In White v. Clemmer, 111 U.S. App.D.C. -, 295 F.2d 132, we pointed out that a remedy in the nature of mandamus is not available in the absence of specific allegations sufficient to bring the claim within the controlling conditions upon which relief may be available. Compliance with the principles there outlined is of special importance if the courts are to be asked to review the conduct of officials charged with the administration of the Lorton Reformatory.
Here, however, the appellant alleged he had filed a petition with the late Commissioner Karrick complaining that he had been subjected to cruel and unusual punishment, and because of doing so, had been placed in solitary confinement. Clearly, the appellant was to be permitted to file such a petition.4
[173]*173Moreover, he alleged that because he wrote a letter of protest to the Director, appellee herein, prison officials immediately began persecuting him and placed him in solitary confinement on a false charge of lying about the officers and officials. Thereafter he was placed on “special treatment” where a prisoner “gets cold food and very little recreation” and no medical treatment if the officials inform the doctor “they are against him for any reason.”
Appellant’s action by itself in seeking administrative relief through the Director and the District Commissioner surely may not properly predicate the solitary confinement and other punitive treatment of which the prisoner complains. If his punishment could be shown to be attributable to that action, appellant is entitled to an order so fashioned as to provide adequate relief.5
It is our view that the District Court erred in denying leave to file the petition. Though inartfully prepared by a nearly illiterate prisoner, unaided by counsel, we have noted in the petition two important facets which distinguish appellant’s claim from certain others6 which have come to our notice.
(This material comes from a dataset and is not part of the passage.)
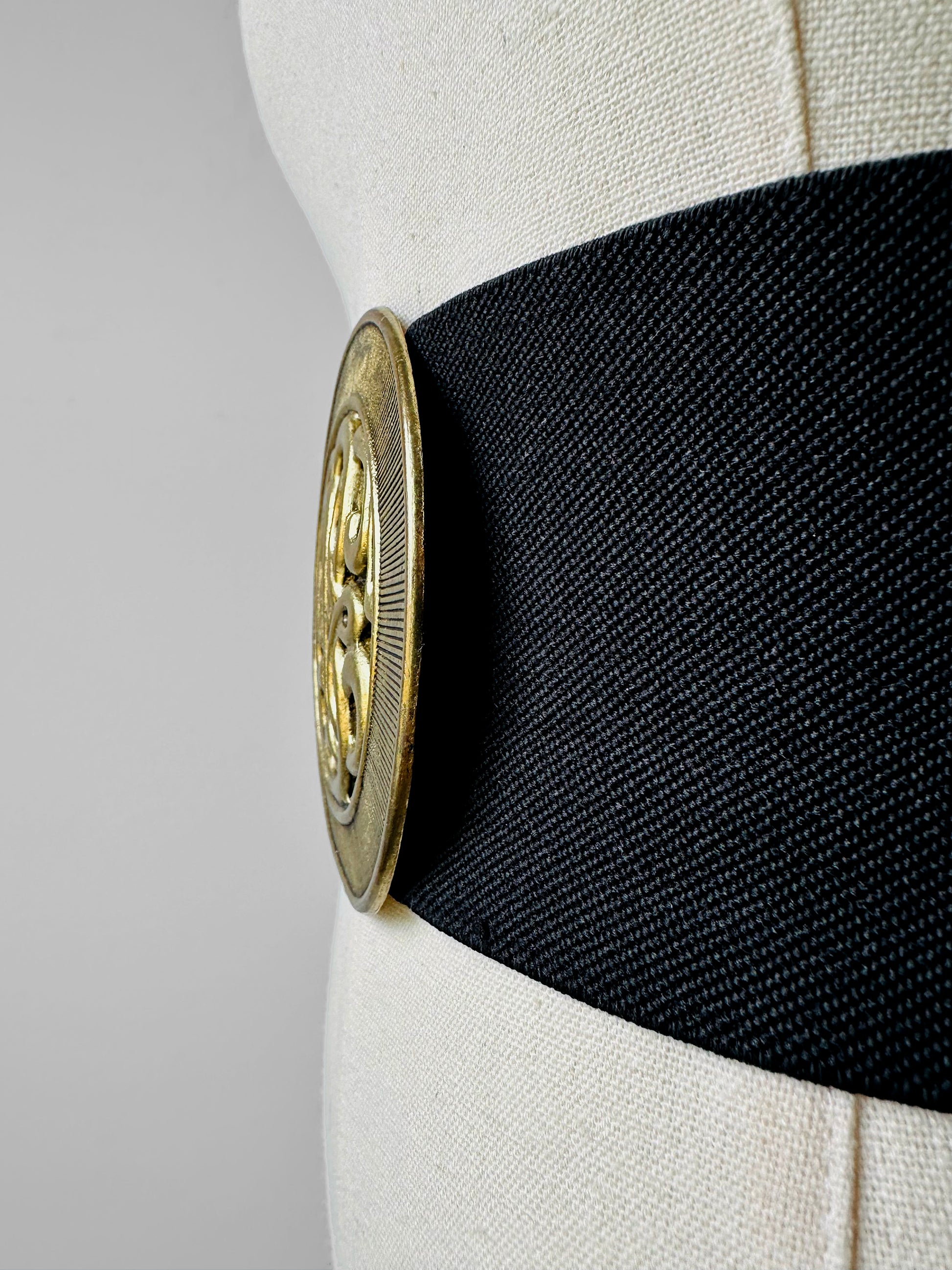 DESCRIPTION: This vintage 1980s–1990s wide black stretch belt is the ultimate statement accessory for bold, confident style. Crafted with a sleek elastic band for a comfortable, figure-flattering fit, it features an ornate gold-toned buckle adorned with intricate scrollwork—a true nod to the glamour and drama of the era. Designed to cinch the waist and create a striking silhouette, this belt transitions effortlessly from day to night, adding instant sophistication to dresses, tunics, or oversized blazers. Perfect for vintage lovers and fashion enthusiasts, it’s more than an accessory—it’s a piece of wearable art that elevates any outfit with timeless elegance and bold personality.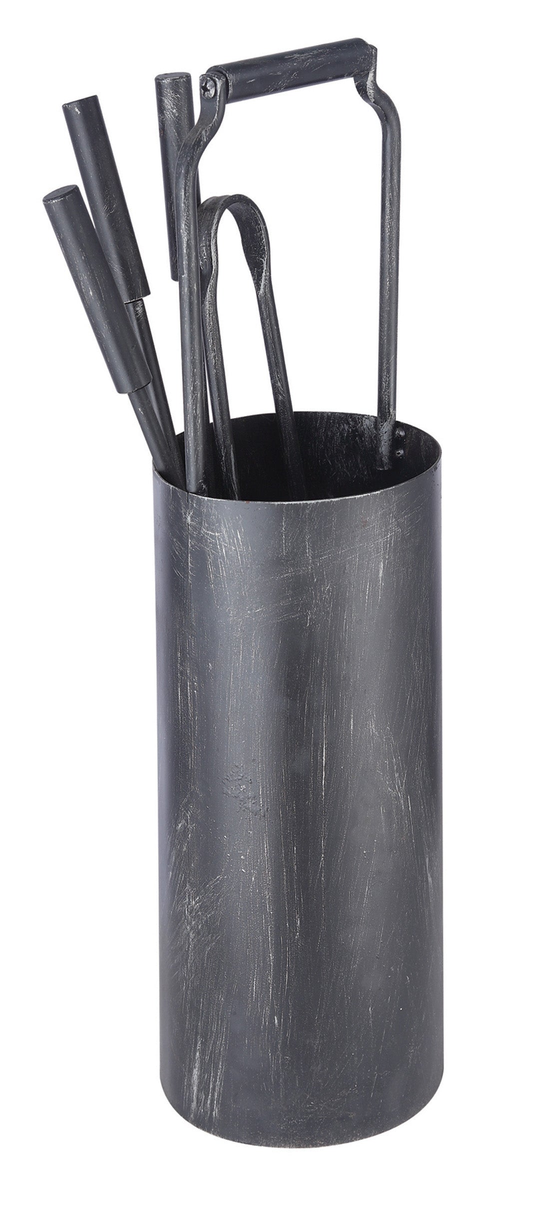 Mod. SECCHIELLO accessori per camino in acciaio, contenuti in uno stupendo contenitore cilindrico con all'interno: 1 spazzola, 1 paletta, 1 pinza e 1 attizzatoio. Il design ergonomico delle maniglie ne facilita il prelievo. Dimensioni ø 16 x h 58 cm. Colore nero.

The allegations we have discussed stand wholly uncontroverted on this record.
Accordingly, the case will be remanded to the District Court with directions:
(1) that appellant’s petition be filed with leave to be granted to amend within a reasonable time in such respects as will exhibit the basis for appellant’s claim;
(2) that counsel be appointed to assist the appellant; and (3) that such hearing be afforded as may be required in view of such pleadings as may be filed.
Reversed.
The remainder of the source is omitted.